Ok, enough with theory :) It is time to go back to our cool dataset it took us so much pain to download! And guess what? We will build the network of GME Redditors. Then, we will use some Network Science to study some of its properties.


> 
> *Exercise*: Build the network of Redditors discussing about GME on r\wallstreetbets. In this network, nodes correspond to authors of comments, and a direct link going from node _A_ to node _B_ exists if _A_ ever answered a submission or a comment by _B_. The weight on the link corresponds to the number of times _A_ answered _B_. You can build the network as follows:
>
> 1. Open the _comments dataset_ and the _submission datasets_ (the first contains all the comments and the second cointains all the submissions) and store them in two Pandas DataFrames.
> 2. Create three dictionaries, using the command ``dict(zip(keys,values))``, where keys and values are columns in your dataframes. The three dictionaries are the following:
>     * __comment_authors__: (_comment id_, _comment author_)
>     * __parent__:  (_comment id_ , _parent id_)
>     * __submission_authors__: (_submission id_, _submission author_)
>
> where above I indicated the (key, value) tuples contained in each dictionary.
>
> 3. Create a function that take as input a _comment id_ and outputs the author of its parent. The function does two things:
>     * First, it calls the dictionary __parent__, to find the _parent id_ of the comment identified by a given _comment id_. 
>     * Then, it finds the author of  _parent id_. 
>          * if the _parent id_ starts with "t1_", call the __comment_authors__ dictionary (for key=parent_id[3:])
>          * if the _parent id_ starts with "t3_", call the __submission_authors__ dictionars (for key=parent_id[3:])
>
> where by parent_id[3:], I mean that the first three charachters of the _parent id_ (either "t1_" or "t3_" should be ingnored).
>
> 4. Apply the function you created in step 3. to all the comment ids in your comments dataframe. Store the output in a new column, _"parent author"_, of the comments dataframe. 
> 5. For now, we will focus on the genesis of the GME community on Reddit, before all the hype started and many new redditors jumped on board. For this reason, __filter all the comments written before Dec 31st, 2020__. Also, remove deleted users by filtering all comments whose author or parent author is equal to "[deleted]". 
> 6. Create the weighted edge-list of your network as follows: consider all comments (after applying the filtering step above), groupby ("_author_", _"parent author"_) and count. 
> 7. Create a [``DiGraph``](https://networkx.org/documentation/stable//reference/classes/digraph.html) using networkx. Then, use the networkx function [``add_weighted_edges_from``](https://networkx.org/documentation/networkx-1.9/reference/generated/networkx.DiGraph.add_weighted_edges_from.html) to create a weighted, directed, graph starting from the edgelist you created in step 5.

### Imports

In [2]:
import os
import pandas as pd
import networkx as nx
import matplotlib.pylab as plt

### 1) Dataframes

In [3]:
submissions = pd.read_csv(os.path.join('Data', 'wallstreetbets_submissions.csv'))

In [35]:
import datetime
def dateparse (time_in_secs):    
    return datetime.datetime.fromtimestamp(float(time_in_secs))

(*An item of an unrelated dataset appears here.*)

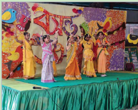
Junior Campus Gulshan
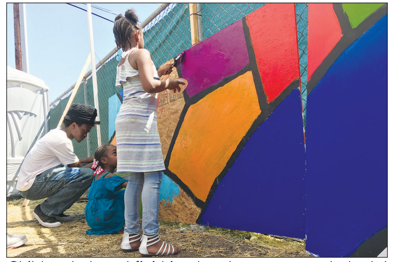
Children help put finishing touches on a mural at a lot at 75th and MacArthur Boulevard in Oakland.

comments = pd.read_csv(os.path.join('Data', 'wallstreetbets_comments.csv'), parse_dates=['created'], date_parser=dateparse)

### 2) Dictionaries

In [8]:
comment_authors = dict(zip(comments.id, comments.author))
parent = dict(zip(comments.id, comments.parent_id))
submission_authors = dict(zip(submissions.id, submissions.author))

### 3) Comment id to Parent Author Function

In [22]:
def comment_to_parent_author(comment_id):
    try:
        pid = parent[comment_id]
        if pid.startswith('t1_'):
            return comment_authors[pid[3:]] #ignore the first 3 character
        elif pid.startswith('t3_'):
            return submission_authors[pid[3:]]
    except:
        return None

### 4) Parent author Comments Dataframe

In [45]:
comments['parent_author'] = comments.id.apply(comment_to_parent_author)

### 5) Filter comments, with authors and before hype

In [51]:
import datetime as dt
filtered_comments = comments[comments.created < dt.datetime.strptime('31 December, 2020', '%d %B, %Y')]
filtered_comments = filtered_comments[filtered_comments.author is not None and filtered_comments.author != 'deleted']
filtered_comments = filtered_comments[filtered_comments.parent_author is not None and filtered_comments.parent_author != 'deleted']
len(filtered_comments)

85958

### 6) Weighted edge list

In [53]:
weighted_edge_list = filtered_comments.groupby(['author', 'parent_author']).count()

### 7) Directed graph 

In [62]:
G = nx.DiGraph()
G.add_nodes_from(filtered_comments.author)
G.add_edges_from([(a,pa, {'weight': w}) for a,pa,w in zip(filtered_comments.author, filtered_comments.parent_author, filtered_comments.id)])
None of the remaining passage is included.